Yes, parsers, the programs that do glamorous work of reading and interpreting JSON and XML strings or protobuf byte streams. Parsers are not new and exciting technology, they are not a hotbed of new research and innovation, but there is something about this topic that keeps pulling me back in.
🤔 Why does parsing have such a hold on my interest?
I think parsing, as a subject matter, has two qualities that make it particularly compelling to me.
Firstly, parsers are everywhere. Most every program has a parser somewhere in it. If you zoom out enough, you will eventually see that every program reads and processes inputs. By virtue of the fact that computers are sequential machines, that input will be some form of a list of bytes that you need to extract structured information from. That input might be command line options, or an http request, or the text of a program, but you will need some form of a parser to help you extract the structure of that text.

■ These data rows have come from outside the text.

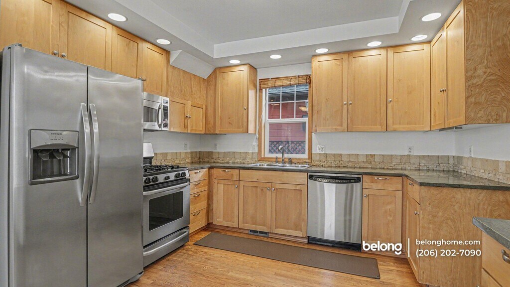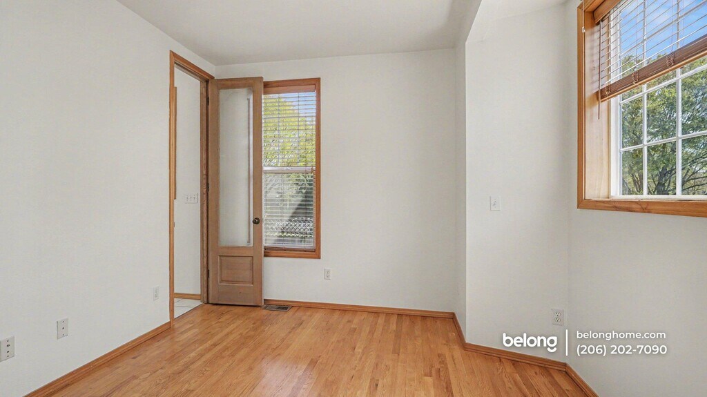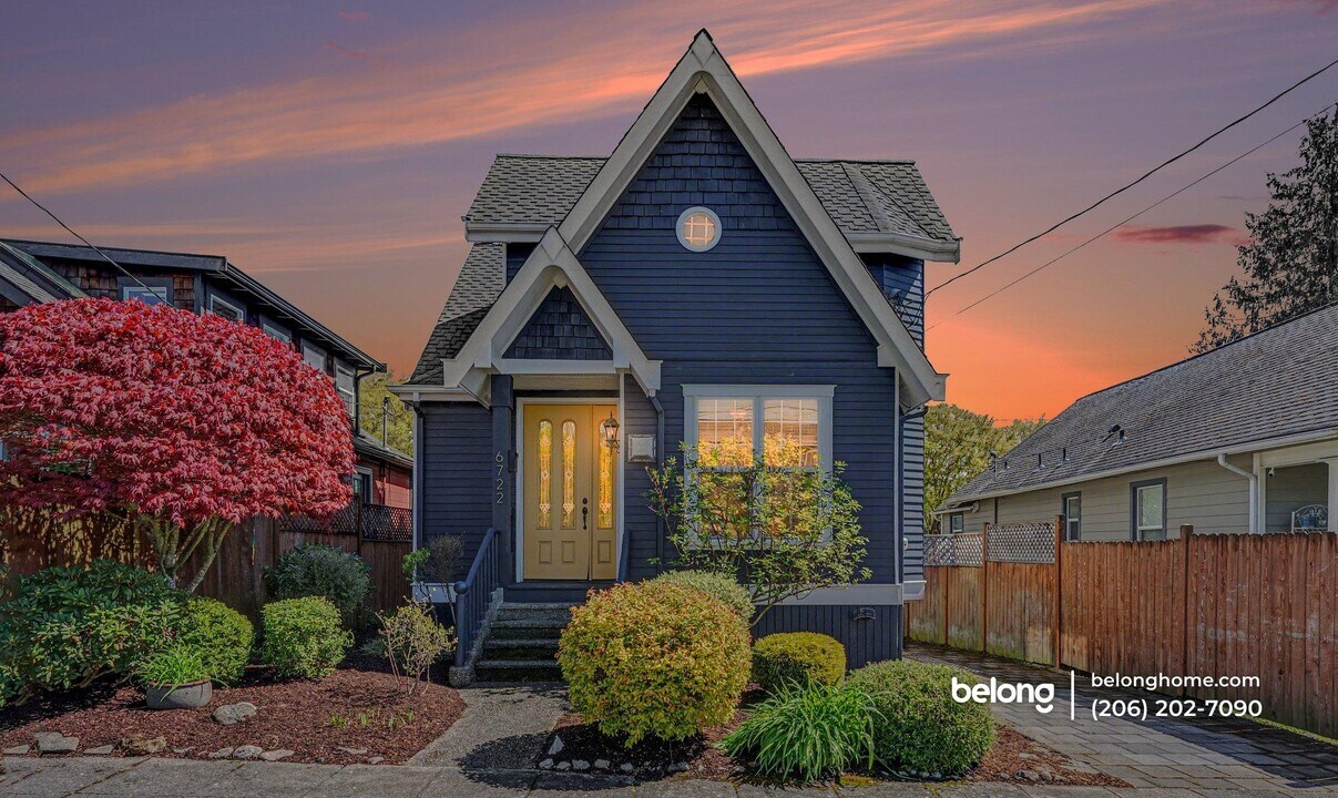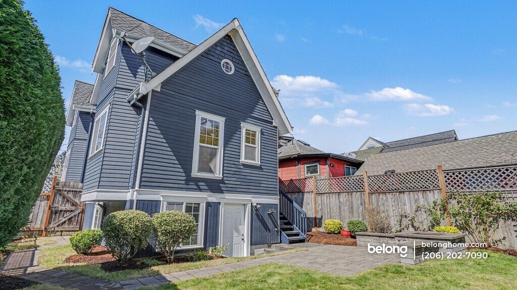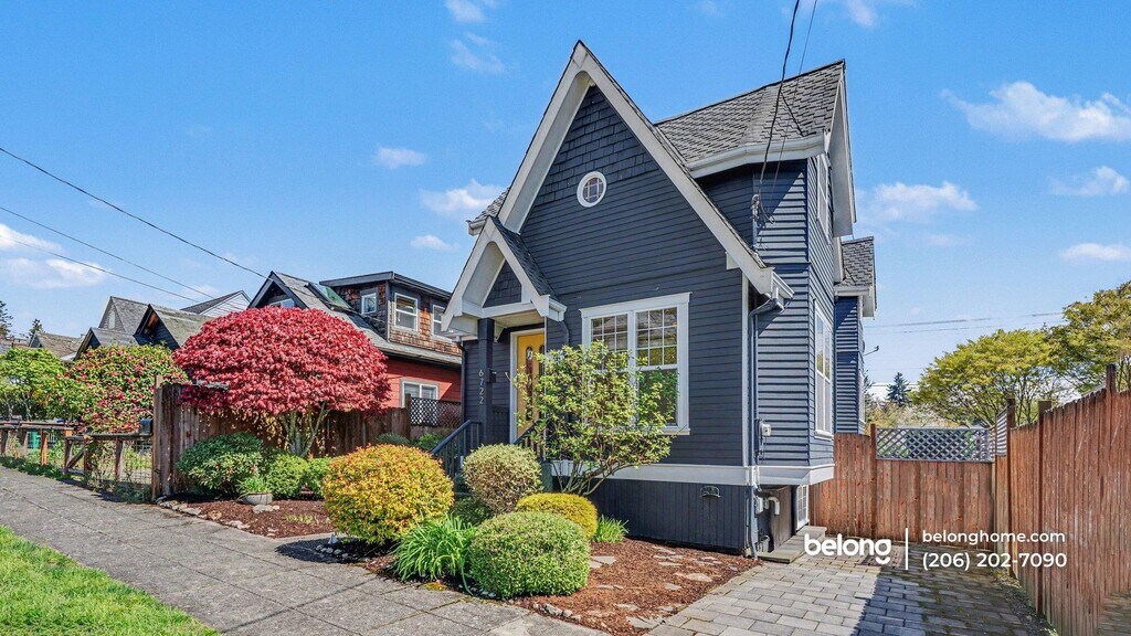 Character and craftsmanship meet modern livability in this storybook three-bedroom home, where steep gables, a deep navy exterior, and distinctive architectural details create a striking first impression. Mature landscaping and a vibrant Japanese maple frame the entry, lending standout curb appeal on a quiet residential street. Inside, gleaming hardwood floors and crisp white walls set a bright, welcoming tone throughout the main living areas. Oversized windows draw in abundant natural light, while warm wood trim adds a layer of classic charm. The open living and dining spaces flow effortlessly, with a rear door leading outside for easy indoor-outdoor transitions. A convenient half bath completes the main level. Upstairs, the bedrooms feature soft carpeting, vaulted ceilings, and thoughtful architectural touches, including a charming porthole window. Generous closet space and a versatile family room offer flexibility for work, rest, or hobbies. Two full bathrooms include a tiled tub-shower combination and a separate walk-in shower for added convenience. Outside, a fenced backyard and private side driveway deliver everyday ease. Tucked into a lively, walkable pocket of northwest Seattle, this home places you near parks, local shops, and the vibrant energy that defines the area, with quick connections to everything the city has to offer. *Our homes come as-is with all essentials in working order. Want upgrades? Request it through the Belong app, and our trusted pros will take care of the rest!
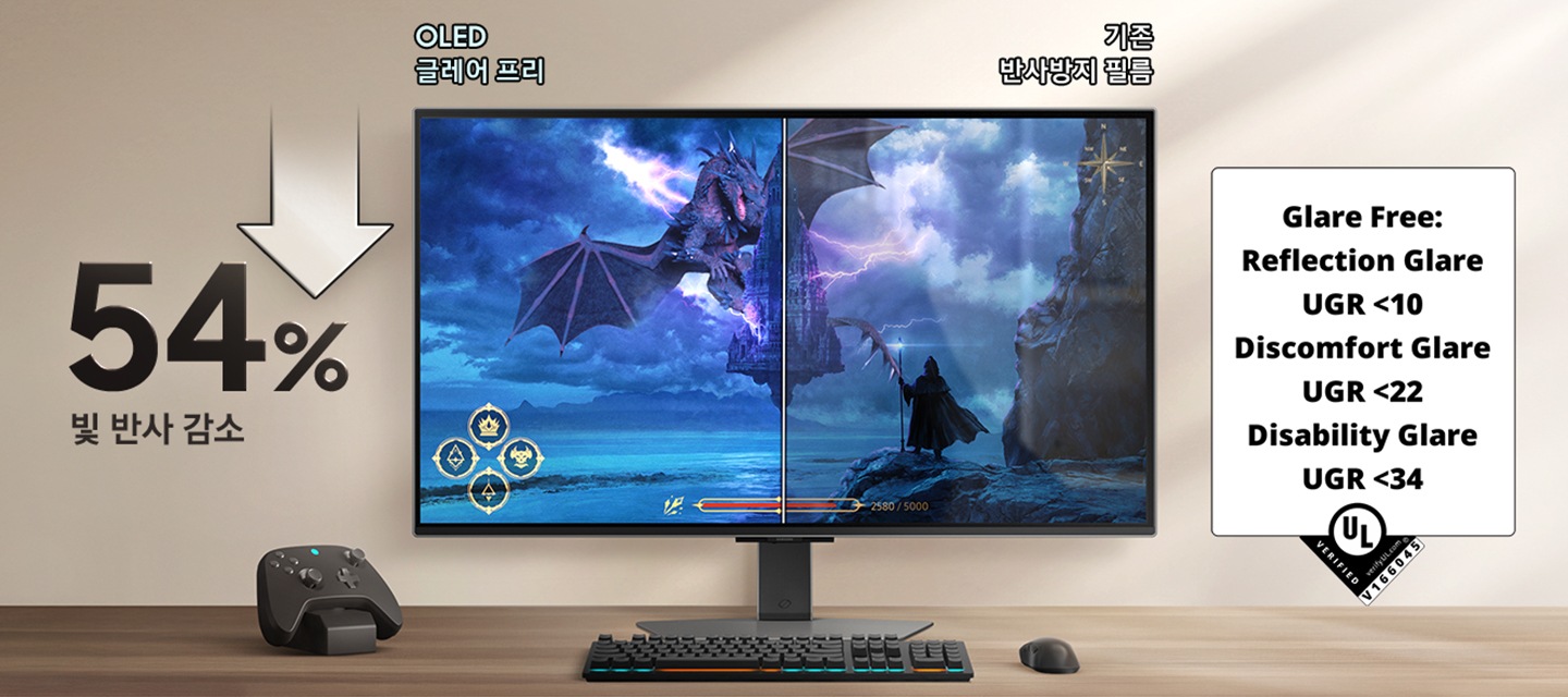 삼성의 글레어 프리는 기존 반사 방지 필름보다 빛 반사가 54% 낮아 외부 광원의 반사를 차단합니다.
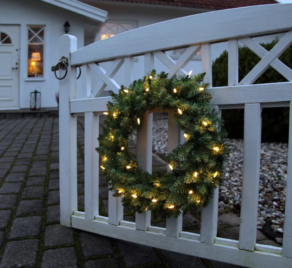 Cirkelformad krans med 30 varmvita LED lampor.
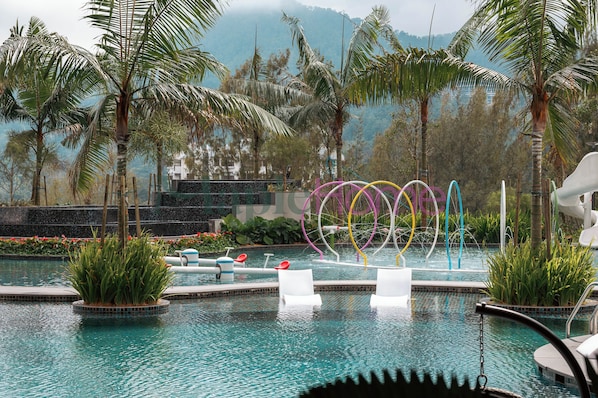 An outdoor pool and a children's pool, along with a waterslide and sun loungers
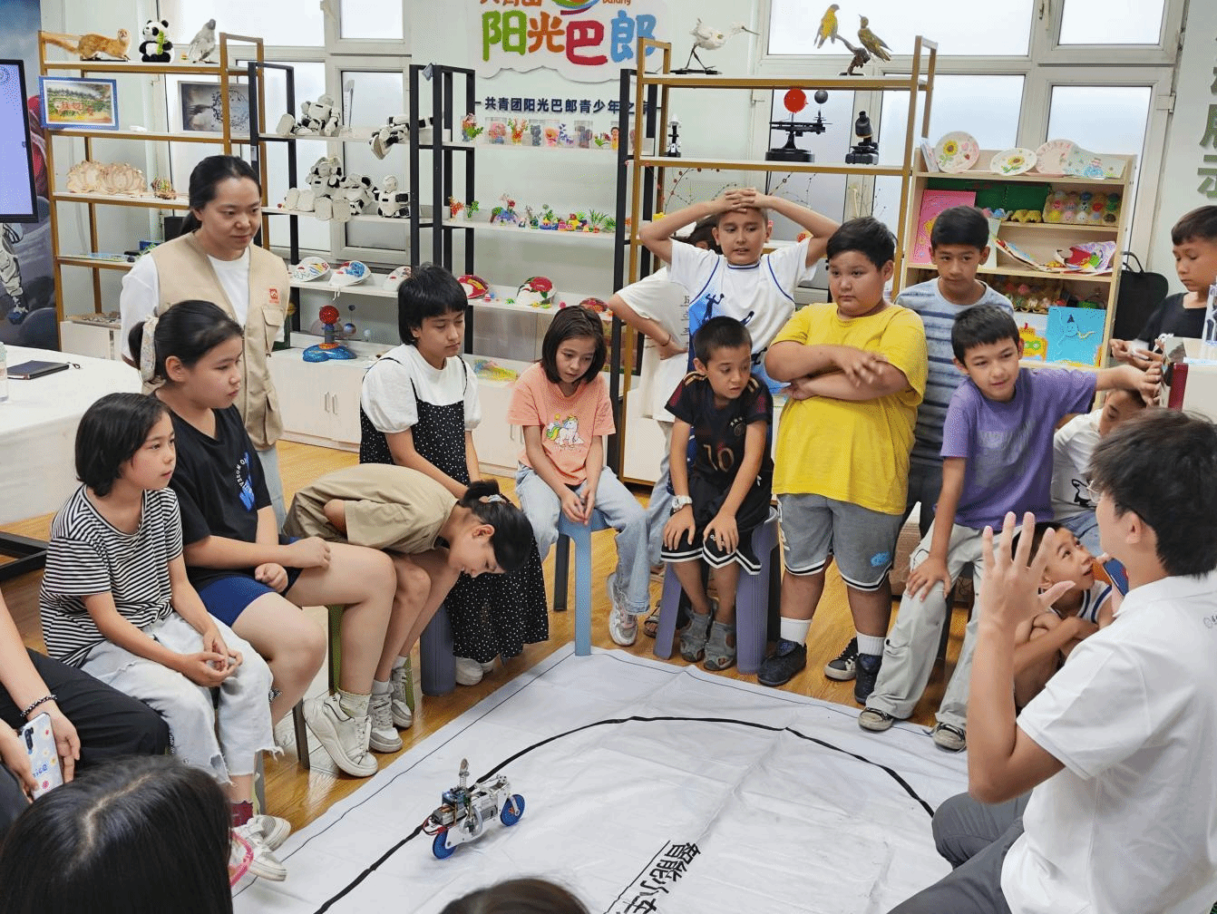 臻工创新党支部党员、智能车俱乐部硬件技术顾问、实践队员许捷成通过沉浸式体验环节,带领孩子们揭开智能小车的神秘面纱。从常见的汽车到会“思考”的智能车,现场演示“无人控制驾驶”,让孩子们直观感受传感器如何让车辆实现自主按照规划路线前进;同步讲解陀螺仪与平衡算法的协作机制,让无人两轮车、独轮车在地上保持平衡,哪怕受到干扰也不会倒下,引发阵阵惊呼。
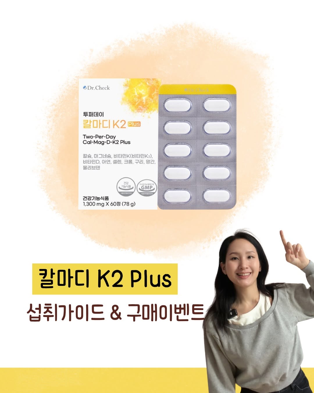 #구매이벤트 #오늘마감 단 2알로 칼슘, 마그네슘, 비타민D3, 비타민K2 (칼마디K2)+구리, 아연, 망간, 셀렌, 크롬, 몰리브덴까지 채울 수 있는 닥터체크 칼마디K2 플러스 오늘 마감합니다🙂 아무후기 남겨주시면 총10분 선정해 1박스 더 보내드릴게요! ✔️총10종의 비타민D+K2+미네랄 ✔️칼슘:마그네슘 비율=1:1로 매우 이상적 ✔️정말 강조드리는 비타민K2 원료 100ug ✔️QualiD 비타민D도 1,000IU 매우 잘 포뮬레이션 된 조합이니 뼈건강, 골다공증, 신경, 근육기능, 면역 등에 고민 있으셨던 분들 많은 도움 되시면 좋겠습니다
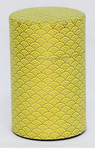 江東堂高橋製作所 茶筒 和紙和染缶 長型100g 青海波 #87 黄色
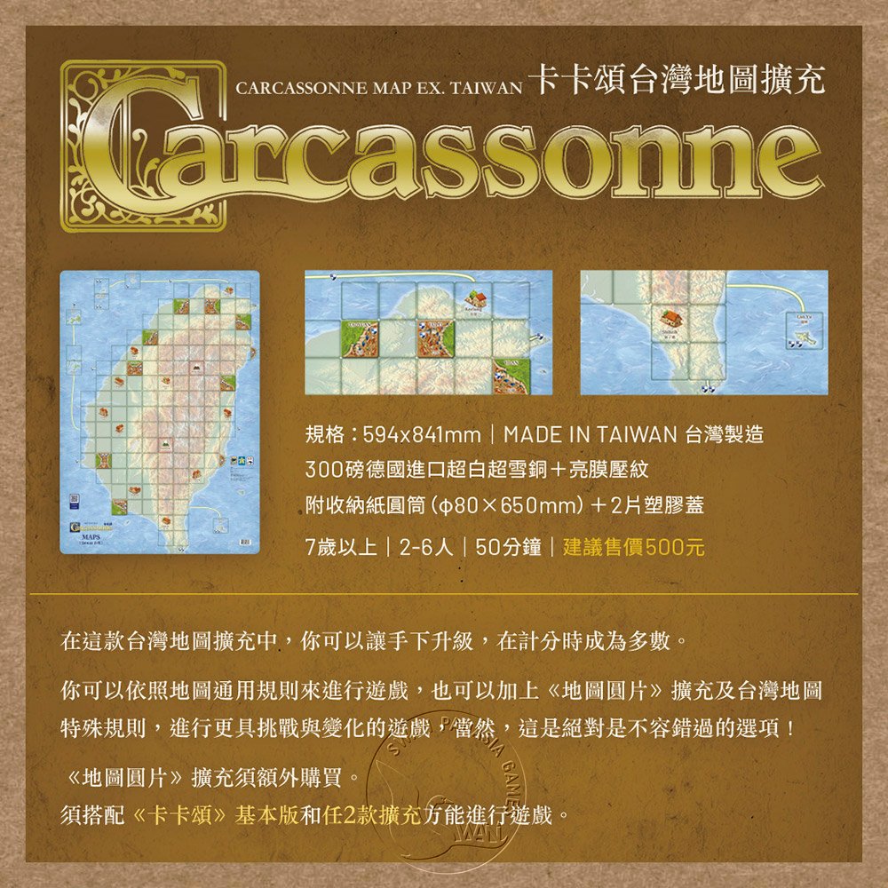 在這重要的2021年,出版社應新天鵝堡桌遊懇切的邀請,為台灣粉絲們準備了一份特別的禮物——《卡卡頌台灣地圖擴充》,回饋本地粉絲20年來的熱情支持。

Secondly, parsing algorithms and implementations are conceptually just one layer above a deep well of computer science theory. When you learn about different parsing algorithms, they are explained in the context of grammars, automata and regular expressions. As you dig into those algorithms and the theory behind them, you touch on rich theoretical concepts like ambiguity and decidability.
I think that these two qualities combined make the subject a bit like catnip for me. I get brought back to the subject by how common parsers are, and when I start thinking about them, I get sucked in by the deeper theoretical questions.
🗺️ How I am going to finally “learn parsers”
I’ve been curious about the subject for a long time, but have never really put in the effort to just dig in and actually learn how it all works. Mostly, I think that is because parsing is a tough subject matter with a lot of breadth and depth.
I am not just interested in learning how to write one or two different types of parsers, I really want to understand the underlying structure and connection between the different types of parsers. I want to have an intuition for parsing problems and algorithms in a way that helps me evaluate which parsing algorithm is best tailored for a particular parsing problem.
I think an iterative approach to learning about parsing algorithms will be the best way to build the knowledge and intuition I am looking for. An iterative process is one in which you repeat the same cycle of steps over and over until you achieve the desired outcome. For example, if you wanted to draw a picture of the view from your window, an iterative approach might be trying to draw the picture multiple times. The first picture is just a sketch, and every subsequent picture gets slightly better as you internalize the image that you want to draw.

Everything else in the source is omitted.